For this reason, we'll determine the expression of the first derivative:

f'(x) = {(sinx)^2-[sqrt(3)*sinx]}'

f'(x) = 2sin x*cos x - sqrt3*cos x

Now, to calculate the local extreme of the function, we'll determine the roots of the first derivative:

 f'(x) = 0

2sin x*cos x - sqrt3*cos x = 0

We'll factorize by cos x:

cos x(2sin x - sqrt 3) = 0

We'll put each factor as zero:

cos x = 0

This in an elementary equation:

x = arccos 0

x = pi/2

2sin x - sqrt 3 = 0

2sin x = sqrt3

sin x = sqrt 3/2

x = arcsin (sqrt 3/2)

x = pi/3

x = pi - pi/3

x = 2pi/3

Critical values of x: {pi/3 , pi/2 , 2pi/3}.

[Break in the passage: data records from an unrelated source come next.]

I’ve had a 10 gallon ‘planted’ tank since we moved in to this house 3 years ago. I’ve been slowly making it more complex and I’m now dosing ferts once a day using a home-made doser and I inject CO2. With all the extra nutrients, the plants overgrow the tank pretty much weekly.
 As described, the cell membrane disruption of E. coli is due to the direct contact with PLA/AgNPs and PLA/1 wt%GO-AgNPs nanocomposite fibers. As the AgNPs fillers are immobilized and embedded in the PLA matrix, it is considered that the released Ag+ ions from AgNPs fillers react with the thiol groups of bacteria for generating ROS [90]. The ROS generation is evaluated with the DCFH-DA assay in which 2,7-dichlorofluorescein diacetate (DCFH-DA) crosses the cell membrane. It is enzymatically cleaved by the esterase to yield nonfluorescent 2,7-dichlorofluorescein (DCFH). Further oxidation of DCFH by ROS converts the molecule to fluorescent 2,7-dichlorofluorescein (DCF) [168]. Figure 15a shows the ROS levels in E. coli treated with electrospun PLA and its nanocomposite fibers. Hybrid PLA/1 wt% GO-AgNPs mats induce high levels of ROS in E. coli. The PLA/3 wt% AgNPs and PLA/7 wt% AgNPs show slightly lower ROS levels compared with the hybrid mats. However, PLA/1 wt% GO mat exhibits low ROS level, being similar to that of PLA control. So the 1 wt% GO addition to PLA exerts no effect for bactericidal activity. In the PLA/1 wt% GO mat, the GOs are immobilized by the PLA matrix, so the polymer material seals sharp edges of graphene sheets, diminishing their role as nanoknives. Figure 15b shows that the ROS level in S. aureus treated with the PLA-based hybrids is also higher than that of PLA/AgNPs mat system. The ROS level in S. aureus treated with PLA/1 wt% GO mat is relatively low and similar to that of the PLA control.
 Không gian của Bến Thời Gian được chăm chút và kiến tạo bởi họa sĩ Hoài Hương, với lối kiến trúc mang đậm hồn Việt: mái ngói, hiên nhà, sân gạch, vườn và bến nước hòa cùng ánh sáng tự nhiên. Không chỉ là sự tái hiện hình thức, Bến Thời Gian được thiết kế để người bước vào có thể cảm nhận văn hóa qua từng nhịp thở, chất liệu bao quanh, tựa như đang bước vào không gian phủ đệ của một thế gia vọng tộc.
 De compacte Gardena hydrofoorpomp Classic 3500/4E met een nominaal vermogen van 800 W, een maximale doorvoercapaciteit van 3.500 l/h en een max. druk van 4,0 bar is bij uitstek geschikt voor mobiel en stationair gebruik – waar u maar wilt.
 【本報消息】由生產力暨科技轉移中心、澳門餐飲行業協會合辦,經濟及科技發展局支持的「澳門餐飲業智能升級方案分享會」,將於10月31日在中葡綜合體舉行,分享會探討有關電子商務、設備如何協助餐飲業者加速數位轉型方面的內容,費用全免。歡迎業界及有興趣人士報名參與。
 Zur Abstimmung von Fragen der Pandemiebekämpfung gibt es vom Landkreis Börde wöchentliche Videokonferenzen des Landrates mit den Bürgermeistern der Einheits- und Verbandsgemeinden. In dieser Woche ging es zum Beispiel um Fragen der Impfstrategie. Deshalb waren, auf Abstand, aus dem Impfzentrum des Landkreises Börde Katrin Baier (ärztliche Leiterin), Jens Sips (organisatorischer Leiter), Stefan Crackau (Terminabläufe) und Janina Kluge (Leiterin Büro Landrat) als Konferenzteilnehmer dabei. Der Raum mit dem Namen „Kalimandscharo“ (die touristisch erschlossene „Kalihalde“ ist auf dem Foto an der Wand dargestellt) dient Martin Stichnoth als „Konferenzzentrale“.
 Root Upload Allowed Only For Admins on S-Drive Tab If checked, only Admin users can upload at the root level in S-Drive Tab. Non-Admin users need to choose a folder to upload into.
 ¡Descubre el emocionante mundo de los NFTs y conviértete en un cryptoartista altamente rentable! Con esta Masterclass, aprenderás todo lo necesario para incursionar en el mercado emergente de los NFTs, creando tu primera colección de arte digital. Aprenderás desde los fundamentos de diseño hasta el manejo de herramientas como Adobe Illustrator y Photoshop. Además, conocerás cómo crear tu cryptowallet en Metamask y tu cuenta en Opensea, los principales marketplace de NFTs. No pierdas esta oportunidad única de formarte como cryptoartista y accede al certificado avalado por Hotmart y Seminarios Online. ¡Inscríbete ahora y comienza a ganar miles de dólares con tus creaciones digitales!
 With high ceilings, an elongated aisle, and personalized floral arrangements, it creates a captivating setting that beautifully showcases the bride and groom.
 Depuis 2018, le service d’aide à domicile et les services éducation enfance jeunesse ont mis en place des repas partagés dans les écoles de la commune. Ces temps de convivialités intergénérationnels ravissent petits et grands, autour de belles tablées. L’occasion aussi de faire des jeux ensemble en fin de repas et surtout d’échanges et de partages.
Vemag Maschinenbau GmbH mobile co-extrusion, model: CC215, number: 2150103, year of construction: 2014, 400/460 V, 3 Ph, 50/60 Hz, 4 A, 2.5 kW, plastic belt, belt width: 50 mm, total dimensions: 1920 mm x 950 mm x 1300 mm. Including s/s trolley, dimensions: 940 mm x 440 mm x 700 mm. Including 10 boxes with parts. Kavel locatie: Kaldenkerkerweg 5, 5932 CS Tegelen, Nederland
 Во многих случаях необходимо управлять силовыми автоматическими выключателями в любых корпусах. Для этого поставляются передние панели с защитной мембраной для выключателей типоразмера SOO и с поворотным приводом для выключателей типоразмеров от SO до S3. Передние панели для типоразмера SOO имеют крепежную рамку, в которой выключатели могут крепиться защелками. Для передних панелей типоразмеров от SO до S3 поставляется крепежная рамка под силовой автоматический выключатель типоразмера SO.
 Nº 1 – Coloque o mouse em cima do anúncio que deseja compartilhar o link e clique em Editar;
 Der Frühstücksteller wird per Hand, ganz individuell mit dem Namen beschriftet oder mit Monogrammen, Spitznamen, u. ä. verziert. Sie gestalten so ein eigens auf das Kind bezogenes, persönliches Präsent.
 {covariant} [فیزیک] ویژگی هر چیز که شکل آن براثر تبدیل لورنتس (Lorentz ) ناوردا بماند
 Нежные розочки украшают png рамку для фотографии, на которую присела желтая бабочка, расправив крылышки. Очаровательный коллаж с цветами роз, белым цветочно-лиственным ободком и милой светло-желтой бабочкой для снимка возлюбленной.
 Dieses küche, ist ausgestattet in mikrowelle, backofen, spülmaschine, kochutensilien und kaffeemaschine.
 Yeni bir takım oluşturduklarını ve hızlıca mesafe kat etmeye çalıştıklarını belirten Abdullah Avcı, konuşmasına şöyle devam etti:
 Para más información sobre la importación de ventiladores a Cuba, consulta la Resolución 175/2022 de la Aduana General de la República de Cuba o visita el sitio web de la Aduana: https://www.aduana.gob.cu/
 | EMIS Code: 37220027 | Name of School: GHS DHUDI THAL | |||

The local extremes of the function are the points whose x coordinate has the values:{pi/3 , pi/2 , 2pi/3}.

Now, we'll determine the local extremes. For this reason, we'll substitute x by the critical values:

f(pi/3) = (sin pi/3)^2 - sqrt3*sin pi/3

f(pi/3) = 3/4 - 3/2

f(pi/3) =-3/4

f(pi/2) =  (sin pi/2)^2 - sqrt3*sin pi/2

f(pi/2) = 1 - sqrt 3

f(2pi/3) = (sin 2pi/3)^2 - sqrt3*sin 2pi/3

f(2pi/3) = f(pi/3) = -3/4

neela's profile pic

neela | High School Teacher | (Level 3) Valedictorian

Posted on

To find the critical points of f(x) = (sinx)^2-sqrt(3)sinx , (0 < x< pi.

We differentiate f(x) and equate f'(x) = 0. Then we solve for x in f'(x) = 0. The solutions so obtained are the critical points of x.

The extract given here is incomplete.